● Data for this task:
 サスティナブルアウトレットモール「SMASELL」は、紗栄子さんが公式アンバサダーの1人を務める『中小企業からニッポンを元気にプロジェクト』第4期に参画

* * *

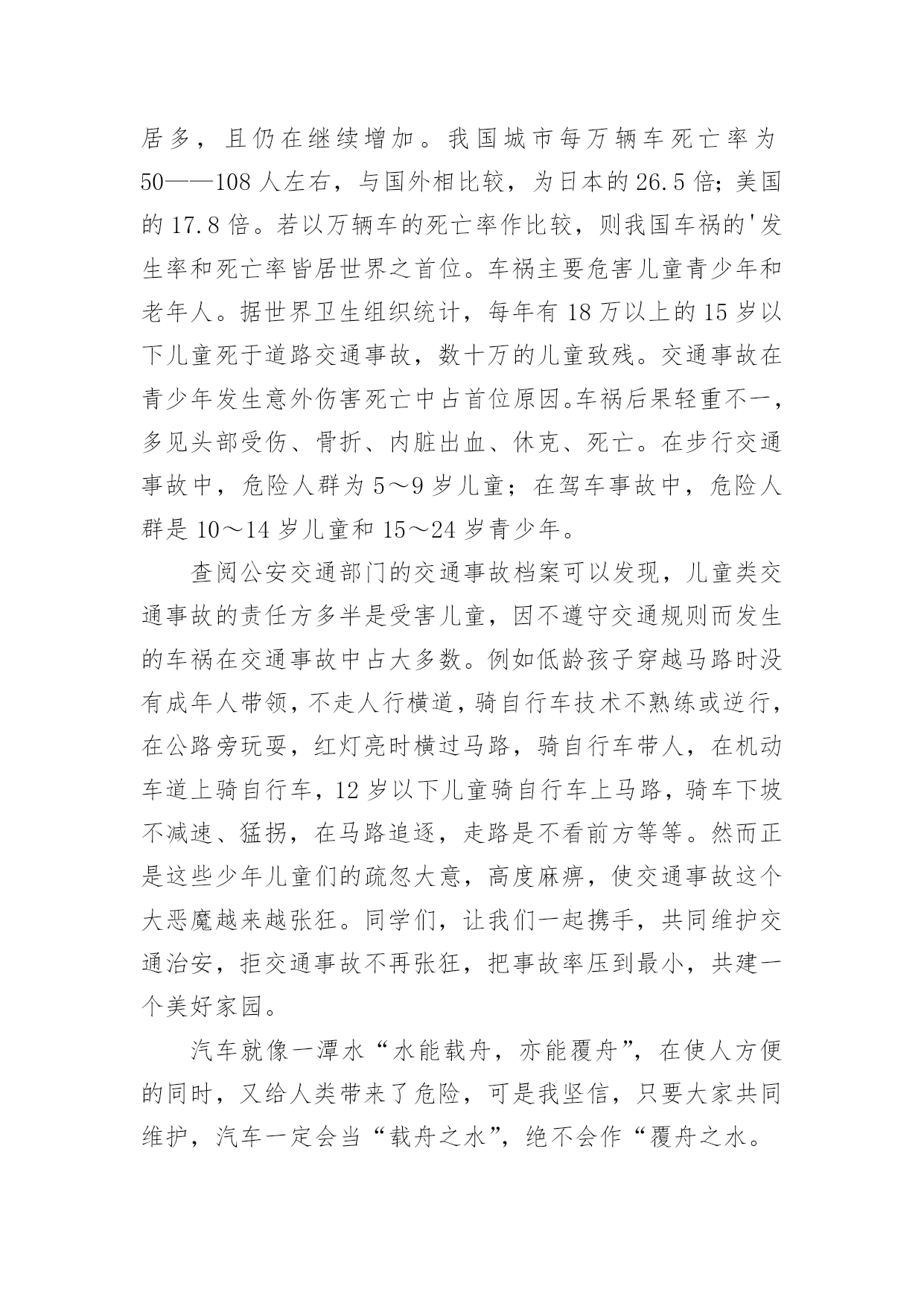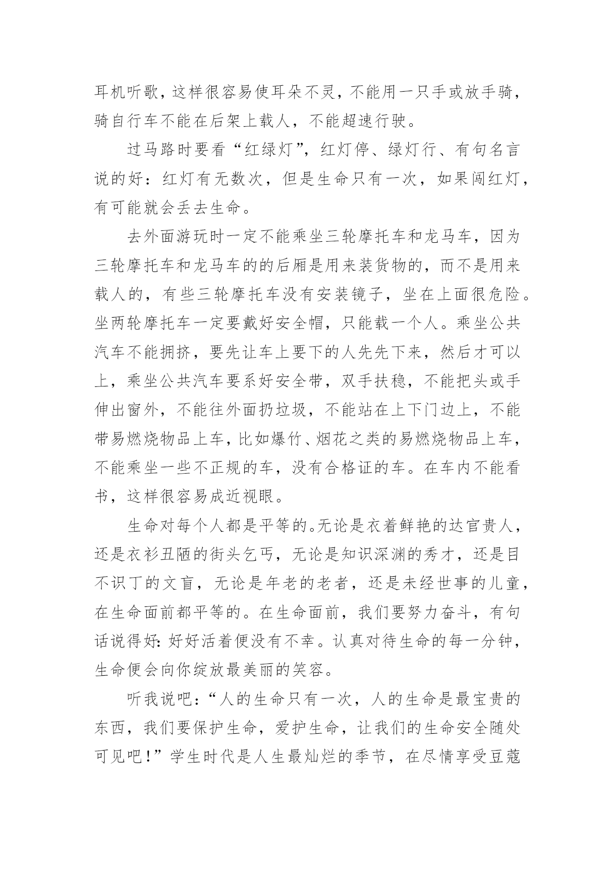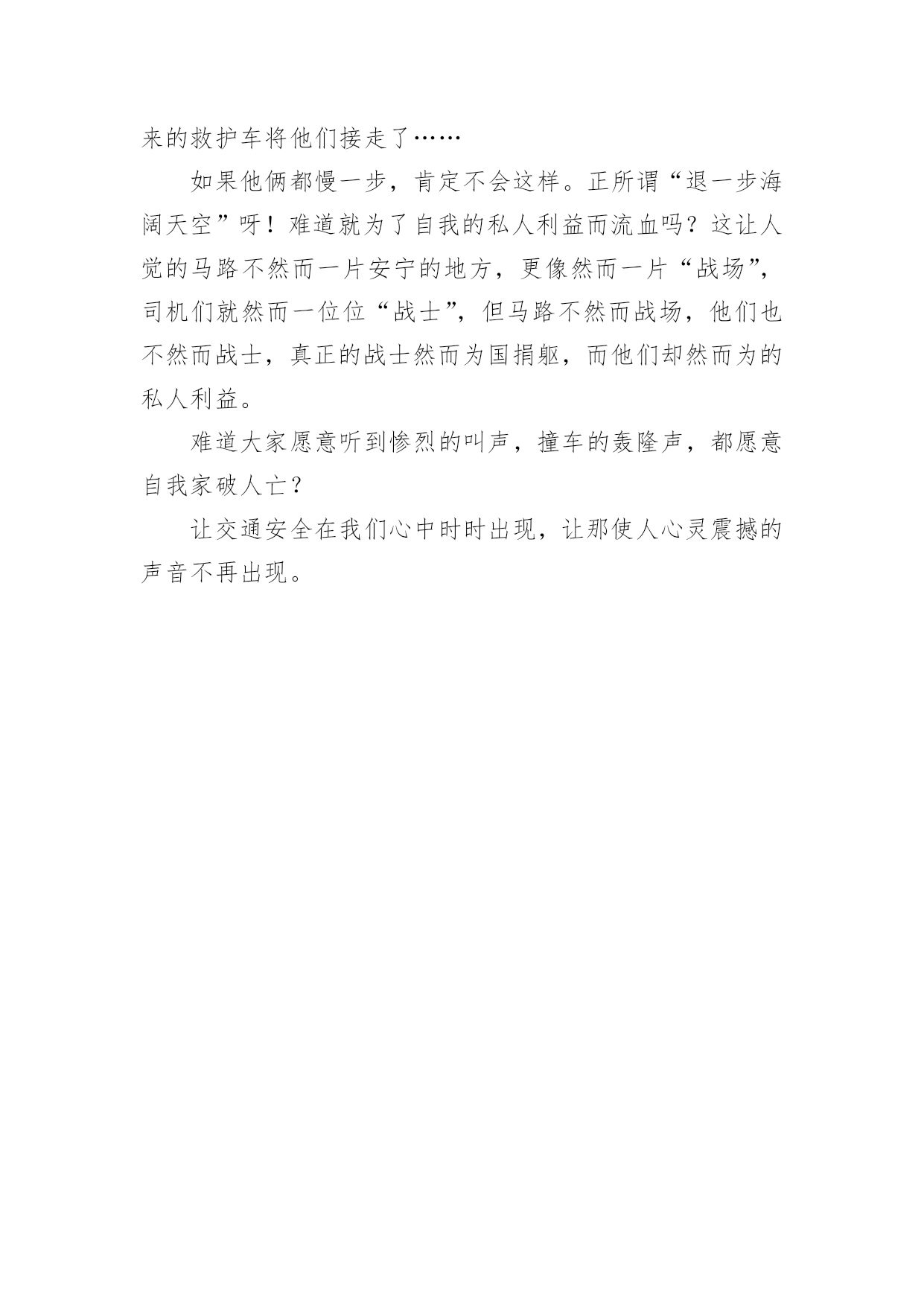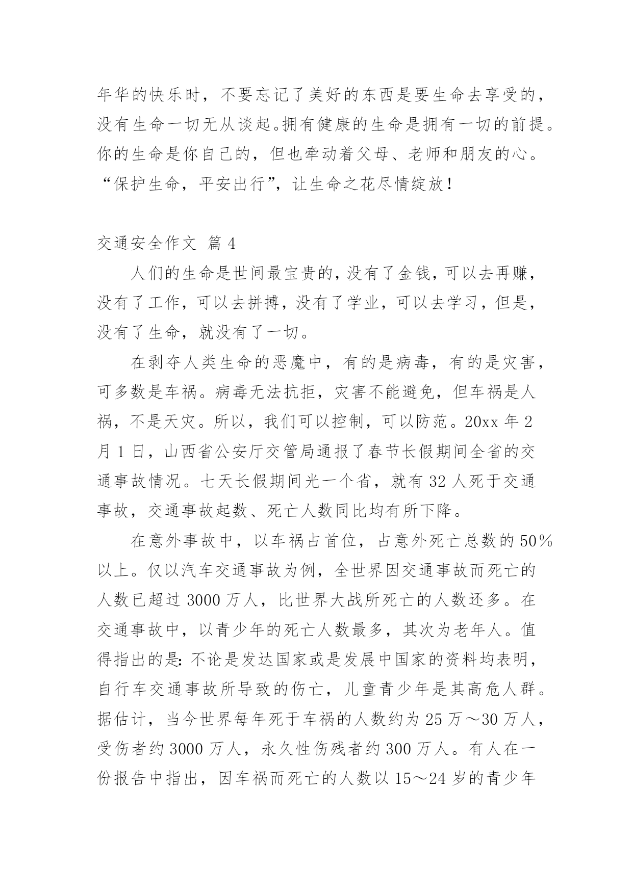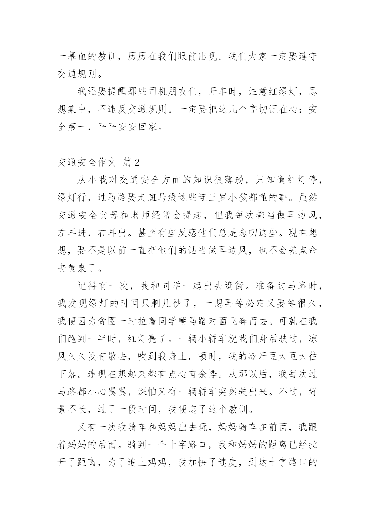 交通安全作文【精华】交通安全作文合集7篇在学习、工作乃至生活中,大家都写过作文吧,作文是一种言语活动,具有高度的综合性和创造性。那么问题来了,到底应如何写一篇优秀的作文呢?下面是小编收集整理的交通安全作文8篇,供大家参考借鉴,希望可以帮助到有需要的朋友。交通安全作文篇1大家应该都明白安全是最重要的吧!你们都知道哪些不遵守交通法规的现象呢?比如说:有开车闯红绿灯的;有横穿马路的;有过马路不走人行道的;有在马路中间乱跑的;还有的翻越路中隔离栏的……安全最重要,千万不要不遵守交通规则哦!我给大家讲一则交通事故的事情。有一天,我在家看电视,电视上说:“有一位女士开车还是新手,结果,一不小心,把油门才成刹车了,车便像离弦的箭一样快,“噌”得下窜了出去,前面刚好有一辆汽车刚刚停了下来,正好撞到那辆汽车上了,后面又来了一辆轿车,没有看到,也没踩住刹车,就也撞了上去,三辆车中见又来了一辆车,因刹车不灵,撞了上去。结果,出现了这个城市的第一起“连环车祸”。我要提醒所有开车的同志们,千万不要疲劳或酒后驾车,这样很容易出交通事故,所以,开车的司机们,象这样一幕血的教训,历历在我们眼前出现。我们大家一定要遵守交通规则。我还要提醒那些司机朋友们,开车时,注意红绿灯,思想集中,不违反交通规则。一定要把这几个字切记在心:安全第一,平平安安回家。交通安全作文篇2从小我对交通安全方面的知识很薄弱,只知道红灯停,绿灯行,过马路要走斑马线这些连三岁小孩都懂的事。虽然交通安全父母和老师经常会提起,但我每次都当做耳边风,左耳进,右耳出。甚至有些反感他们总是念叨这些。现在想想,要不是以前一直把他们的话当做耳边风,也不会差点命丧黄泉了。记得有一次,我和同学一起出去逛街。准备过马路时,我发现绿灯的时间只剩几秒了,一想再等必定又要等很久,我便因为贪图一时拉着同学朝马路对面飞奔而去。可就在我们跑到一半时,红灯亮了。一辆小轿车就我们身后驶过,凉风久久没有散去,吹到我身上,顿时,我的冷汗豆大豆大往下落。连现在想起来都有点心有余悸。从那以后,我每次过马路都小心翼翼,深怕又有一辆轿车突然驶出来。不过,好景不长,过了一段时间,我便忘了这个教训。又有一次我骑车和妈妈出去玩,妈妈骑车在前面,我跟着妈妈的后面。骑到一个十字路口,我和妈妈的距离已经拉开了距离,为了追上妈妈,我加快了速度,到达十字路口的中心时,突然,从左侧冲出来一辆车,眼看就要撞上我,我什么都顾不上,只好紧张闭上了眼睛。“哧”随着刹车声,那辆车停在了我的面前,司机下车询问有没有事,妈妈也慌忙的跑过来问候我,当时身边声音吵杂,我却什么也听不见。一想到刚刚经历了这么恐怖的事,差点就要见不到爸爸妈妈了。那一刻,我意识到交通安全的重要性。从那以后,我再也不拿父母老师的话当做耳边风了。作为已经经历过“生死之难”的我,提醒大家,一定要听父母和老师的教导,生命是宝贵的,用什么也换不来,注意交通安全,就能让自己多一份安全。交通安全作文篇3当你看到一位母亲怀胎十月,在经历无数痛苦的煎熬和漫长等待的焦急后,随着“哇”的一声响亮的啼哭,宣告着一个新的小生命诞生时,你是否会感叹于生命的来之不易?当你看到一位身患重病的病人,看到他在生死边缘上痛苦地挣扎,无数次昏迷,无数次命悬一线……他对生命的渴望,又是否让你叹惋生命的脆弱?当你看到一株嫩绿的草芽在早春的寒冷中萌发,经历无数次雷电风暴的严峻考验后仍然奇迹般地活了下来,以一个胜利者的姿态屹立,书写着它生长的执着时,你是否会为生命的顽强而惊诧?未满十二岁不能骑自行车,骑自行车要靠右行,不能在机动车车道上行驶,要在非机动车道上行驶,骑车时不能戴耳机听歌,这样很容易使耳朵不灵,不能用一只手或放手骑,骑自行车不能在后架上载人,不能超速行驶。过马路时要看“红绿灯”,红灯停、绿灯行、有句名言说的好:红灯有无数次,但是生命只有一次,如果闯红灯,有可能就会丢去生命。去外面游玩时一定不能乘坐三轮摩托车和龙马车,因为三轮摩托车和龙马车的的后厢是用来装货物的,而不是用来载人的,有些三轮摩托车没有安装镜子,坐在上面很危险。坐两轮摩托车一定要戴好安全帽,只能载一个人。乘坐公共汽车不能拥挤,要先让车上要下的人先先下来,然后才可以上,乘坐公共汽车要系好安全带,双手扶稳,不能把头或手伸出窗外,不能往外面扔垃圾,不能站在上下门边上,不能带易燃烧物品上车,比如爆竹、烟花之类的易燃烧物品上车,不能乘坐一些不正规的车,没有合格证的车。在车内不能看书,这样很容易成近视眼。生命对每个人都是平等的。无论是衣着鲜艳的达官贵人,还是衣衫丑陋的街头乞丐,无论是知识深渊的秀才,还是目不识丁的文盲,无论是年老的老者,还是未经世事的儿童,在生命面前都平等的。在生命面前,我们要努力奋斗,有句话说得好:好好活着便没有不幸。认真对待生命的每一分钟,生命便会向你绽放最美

--

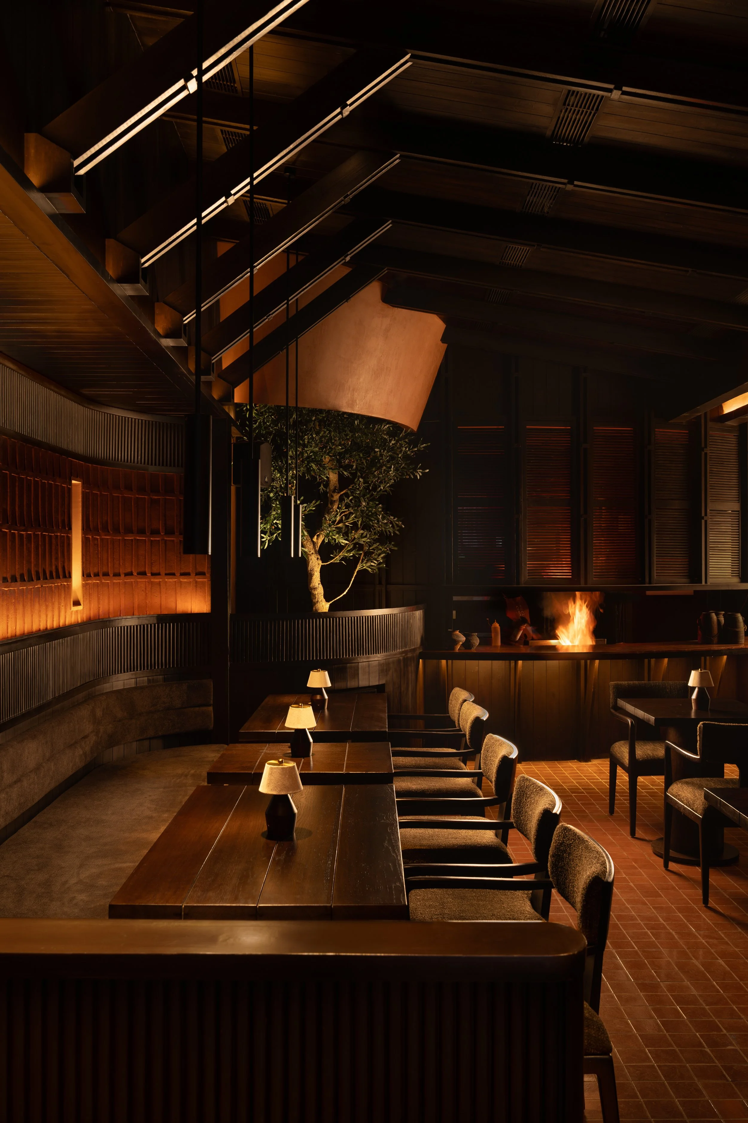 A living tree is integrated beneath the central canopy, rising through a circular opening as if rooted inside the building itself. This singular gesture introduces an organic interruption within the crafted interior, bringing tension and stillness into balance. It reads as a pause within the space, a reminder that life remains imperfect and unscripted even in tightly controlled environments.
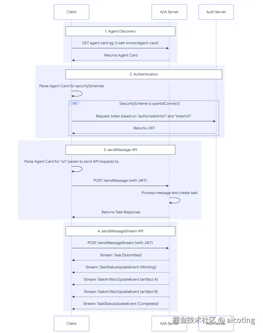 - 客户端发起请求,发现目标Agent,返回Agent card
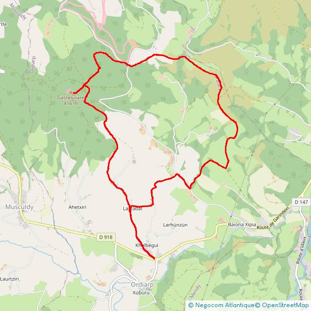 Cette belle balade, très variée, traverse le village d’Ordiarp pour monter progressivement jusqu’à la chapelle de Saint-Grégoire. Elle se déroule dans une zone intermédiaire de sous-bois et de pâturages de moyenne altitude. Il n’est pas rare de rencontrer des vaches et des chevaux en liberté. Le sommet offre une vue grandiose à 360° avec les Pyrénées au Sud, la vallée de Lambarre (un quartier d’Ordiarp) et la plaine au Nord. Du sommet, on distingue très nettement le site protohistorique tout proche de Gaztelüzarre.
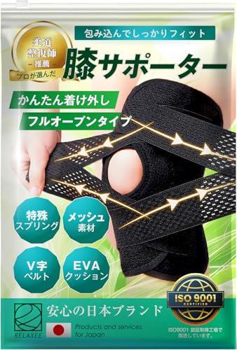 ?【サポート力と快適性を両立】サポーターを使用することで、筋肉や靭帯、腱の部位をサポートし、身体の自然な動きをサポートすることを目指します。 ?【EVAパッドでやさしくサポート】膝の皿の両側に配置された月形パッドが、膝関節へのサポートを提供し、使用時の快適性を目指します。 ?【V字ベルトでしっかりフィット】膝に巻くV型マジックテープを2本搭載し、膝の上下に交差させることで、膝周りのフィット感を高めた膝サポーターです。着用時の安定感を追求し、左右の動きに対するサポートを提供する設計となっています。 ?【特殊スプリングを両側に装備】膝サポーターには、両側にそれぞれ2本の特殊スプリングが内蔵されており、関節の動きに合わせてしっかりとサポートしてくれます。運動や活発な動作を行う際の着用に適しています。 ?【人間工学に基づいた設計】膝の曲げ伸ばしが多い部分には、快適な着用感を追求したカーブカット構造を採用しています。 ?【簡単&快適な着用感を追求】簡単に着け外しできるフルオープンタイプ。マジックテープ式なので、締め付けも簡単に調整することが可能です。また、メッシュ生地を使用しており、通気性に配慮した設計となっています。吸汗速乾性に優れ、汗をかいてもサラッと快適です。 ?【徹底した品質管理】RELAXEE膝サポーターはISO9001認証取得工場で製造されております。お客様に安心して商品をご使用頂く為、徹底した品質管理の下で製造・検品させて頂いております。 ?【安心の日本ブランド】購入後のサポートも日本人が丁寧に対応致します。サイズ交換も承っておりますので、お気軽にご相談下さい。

● Exercise prompt:
When you reach the line with "A living tree" in the records above, begin repeating the lines exactly, and stop after the line with "Cette belle balade, très". Skip all pictures.

● Response to this exercise:
 A living tree is integrated beneath the central canopy, rising through a circular opening as if rooted inside the building itself. This singular gesture introduces an organic interruption within the crafted interior, bringing tension and stillness into balance. It reads as a pause within the space, a reminder that life remains imperfect and unscripted even in tightly controlled environments.
 - 客户端发起请求,发现目标Agent,返回Agent card
 Cette belle balade, très variée, traverse le village d’Ordiarp pour monter progressivement jusqu’à la chapelle de Saint-Grégoire. Elle se déroule dans une zone intermédiaire de sous-bois et de pâturages de moyenne altitude. Il n’est pas rare de rencontrer des vaches et des chevaux en liberté. Le sommet offre une vue grandiose à 360° avec les Pyrénées au Sud, la vallée de Lambarre (un quartier d’Ordiarp) et la plaine au Nord. Du sommet, on distingue très nettement le site protohistorique tout proche de Gaztelüzarre.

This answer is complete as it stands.